Minority job gains called at risk at NSA, CIA, FBI

September 21, 1994|By Tom Bowman | Tom Bowman,Sun Staff Writer

WASHINGTON -- Women and minorities have only begun to crack the white male bastions of the FBI and the U.S. intelligence community, but that progress could fall victim to the congressional budget ax, top agency officials warned yesterday.

"It will be hard to hold on to the gains we made in the last couple of years," Vice Admiral John M. McConnell, director of the National Security Agency (NSA), told the House Intelligence Committee.

"The current rules essentially say, 'last hired, first fired,' " the admiral said.
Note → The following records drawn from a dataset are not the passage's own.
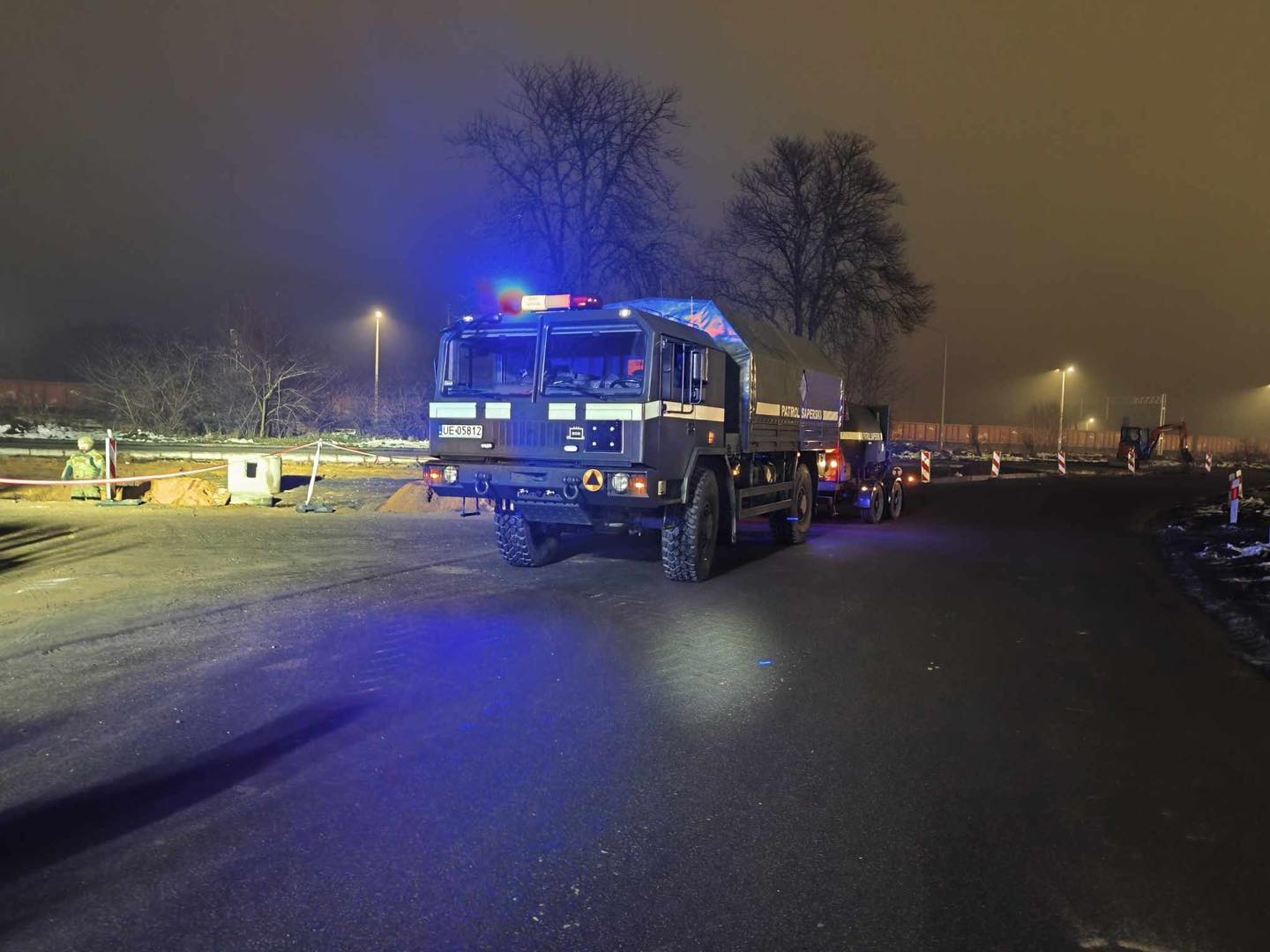 Podczas prac drogowych natrafiono na przedmiot wymagający interwencji specjalistów. Na miejscu pracowały służby a droga była nieprzejezdna.
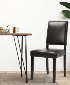 הכסאות מרופדים בדמוי עור איכותי וקל לניקוי בצבע חום כהה.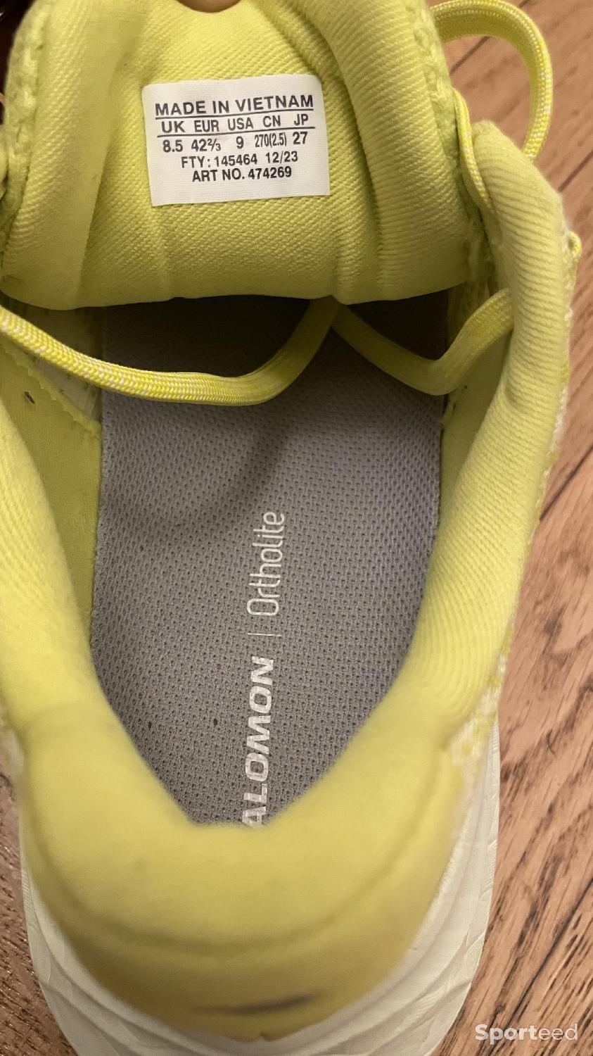 Chaussures de running Salomon Aero Glide 2, modèle 2024. Taille 42, drop 10 mm, amorti excellent, idéales pour sorties longues et allure tranquille. Portées environ 3 fois (moins de 20 km). Je les vends car ne convient pas parfaitement à mon pied. Je les trouve finalement un peu grand pour moi. État proche du neuf (voir photos). Remise en main propre possible à Paris / envoi possible.
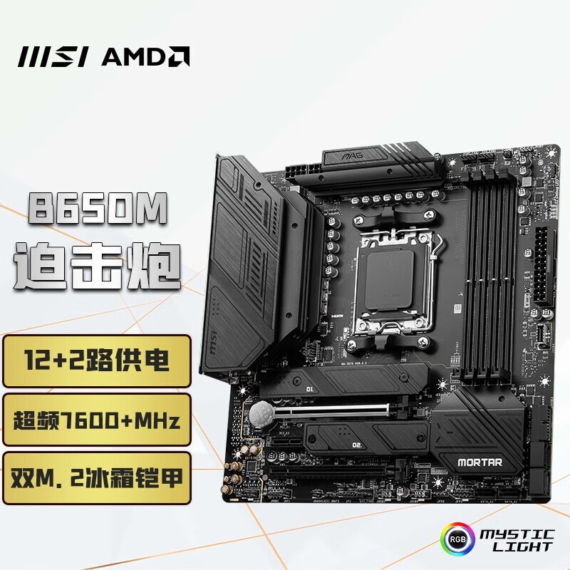 微星 B650M MORTAR DDR5迫击炮主板 支持CPU7950X/7900X/7800X3D (AMD B650/AM5接口)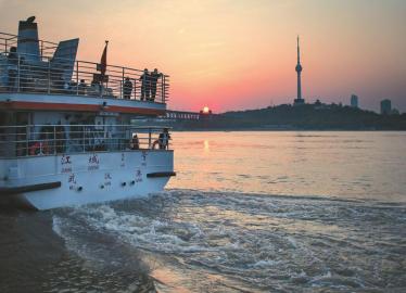 4月8日,一對(duì)情侶在長(zhǎng)江客運(yùn)輪渡上欣賞江景。新華社記者 沈伯韓 攝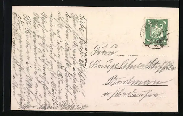 Personenbezogene Daten auf der Rückseite der Karte wurden durch blauen Textmarker unkenntlich gemacht. Die blauen Stellen sind auf die Vorderseite durchgeweicht und wirken sich negativ auf das Postkartenfoto aus

The intelligence agencies -- principally the CIA, Defense Intelligence Agency and NSA -- have been under orders from Congress to cut their budgets.

The concerns were echoed by FBI Director Louis J. Freeh, who said diversity will be "the first casualty" of budget cuts.

Admiral McConnell, whose Fort Meade-based agency employs more than 20,000 workers, said the current cuts of 700 to 1,000 workers a year have been made through attrition, but the possibility of layoffs remains.

After the hearing, Rep. Dan Glickman, the committee's chairman, said the committee would try to make sure that gains by women and minorities are not sacrificed to tight budgets. "We would hope it would not be the first casualty," he said.

"The Cold War era prevented us from publicly discussing some of the personnel problems of the intelligence community for fear that airing such issues might somehow result in harm to the national security," Mr. Glickman told the agency officials.

"However, with the Cold War over, it is important that these problems be brought to light and corrected."

Each of the agency directors reported progress in the hiring and promotion of women and minorities, although they testified that it would take years before their work forces reflected the population.

CIA Director James Woolsey said that over the past year minority representation at the agency has increased from 14.1 percent to 14.5 percent.

For fiscal year 1994, roughly 21 percent of new hires will be minorities.

Mr. Freeh said that during the past year six of 29 appointed to the position of special agent in charge of the FBI's field divisions have been minorities, three African-American men and three Hispanic men.

Admiral McConnell said that, while he had a target of 33.3 percent minorities among new employees, he surpassed it this year with 38.3 percent.